CN1179788C discloses a kind of unsaturated hydrocarbon selective hydrogenation catalyst and its preparation method and application, relate generally to a kind of alkynes with C2~C4 of containing in the cracking technology or the Catalysts and its preparation method that diolefin hydrogenate becomes corresponding alkene, its catalyzer of providing of invention can make the high unsaturated hydrocarbons such as alkynes select hydrogenation under the high-speed condition, growing amount and the coke content on the catalyzer of green oil are all very low simultaneously, are suitable for industrialized cracking technology.
Summary of the invention:
The object of the present invention is to provide a kind of selection method of hydrotreating that contains the C-4-fraction of height unsaturated hydrocarbons, the selection method of hydrotreating of the carbon that is rich in alkynes and diolefine four salvage stores that obtain behind a kind of Butadiene Extraction specifically is provided, for the treatment of containing the C-4-fraction mixtures such as butane, butylene, divinyl, vinylacetylene, butine, with further saving resource, reduce and pollute, increase economic efficiency.

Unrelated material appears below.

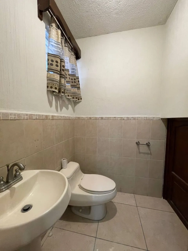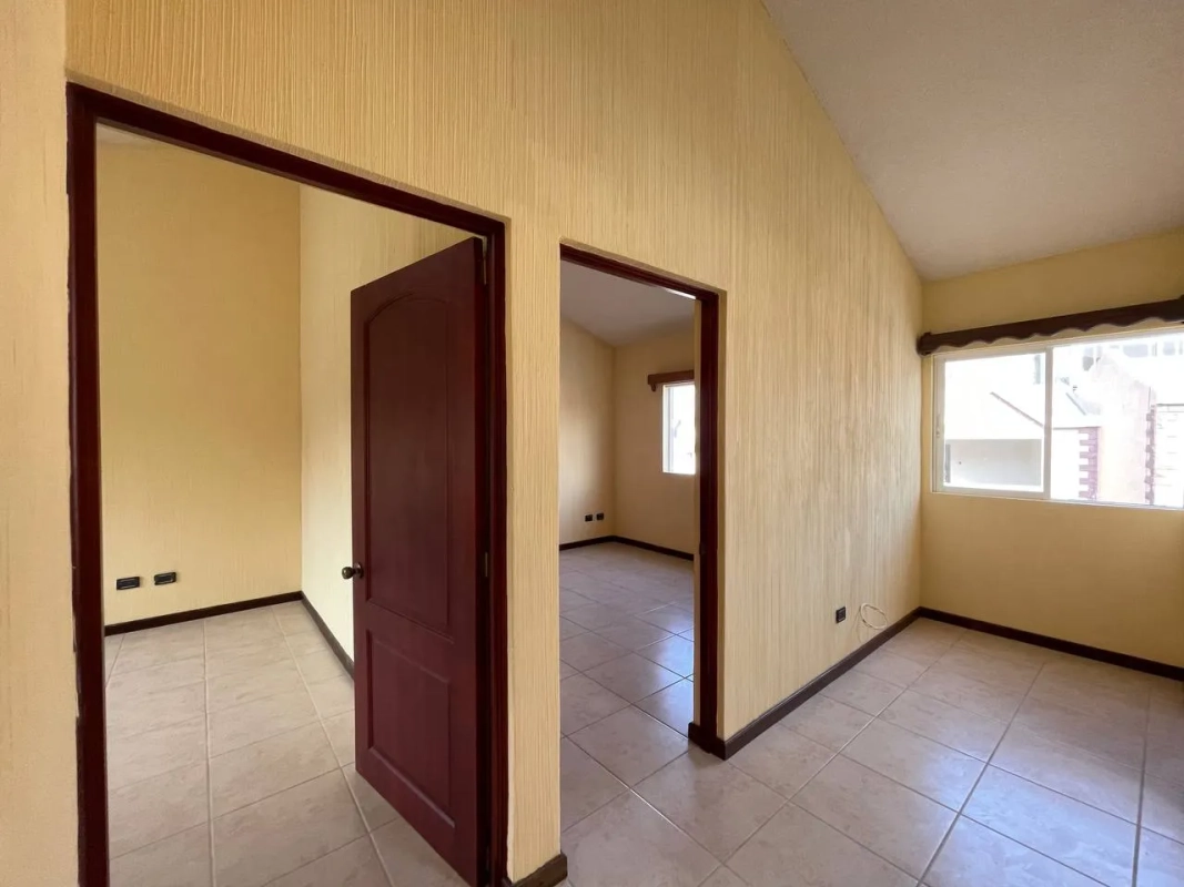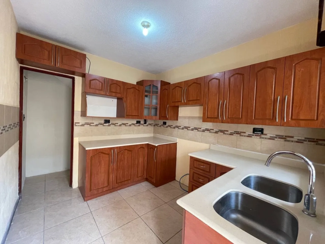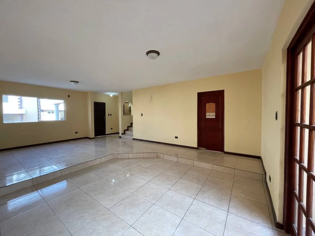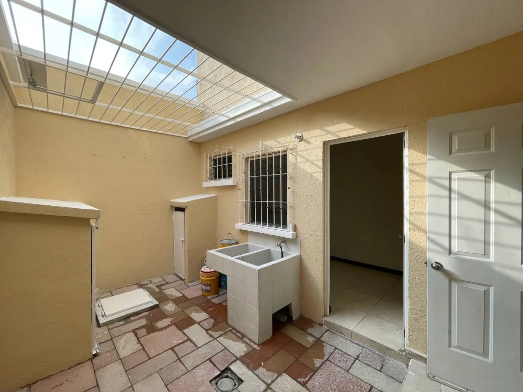 Sala, comedor, cocina con gabinetes y top de cuarzo, medio baño de visitas, área de lavandería, cuarto de servicio con baño completo, patio de interior con fuente y 2 parqueos (1 techado)

Raw material and the H of carbon containing four cuts
2Enter two serial hydrogenation reactors; Reactor is the isotherm formula fixed-bed reactor, these isotherm formula fixed-bed reactor are double tube reactor, the inner tube loading catalyst, outer tube is the heat-obtaining medium, the heat-obtaining medium is 8~18 ℃ new water, the mol ratio of first reactor hydrogen and the total alkynes of entrance and diene content is 1.0~6.0, be preferably 1.0~2.0, the mol ratio of second reactor hydrogen and the total alkynes of entrance and diene content is 1.0~6.0, is preferably 2.0~4.0, and the reactor inlet temperature of reaction is 20~60 ℃, be preferably 30 ℃~45 ℃, reaction pressure is 0.5~4.0MPa, is preferably 1.0~2.0Mpa, and liquid hourly space velocity is 1.0~30h
-1, be preferably 1.0~3.0h
-1, enter knockout drum after the reaction product cooling and separate; Catalyst in reactor is α-Al
2O
3The palladium-based catalyst of load or copper-based catalysts, specific surface area is less than 100m
2/ g, specific pore volume are 0.01~1.0ml/g; Also contain auxiliary agent X1, X2 and X3 in palladium-based catalyst or the copper-based catalysts, wherein X1 is I B family element, and X2 is IIIB family element, and X3 is basic metal or alkaline-earth metal.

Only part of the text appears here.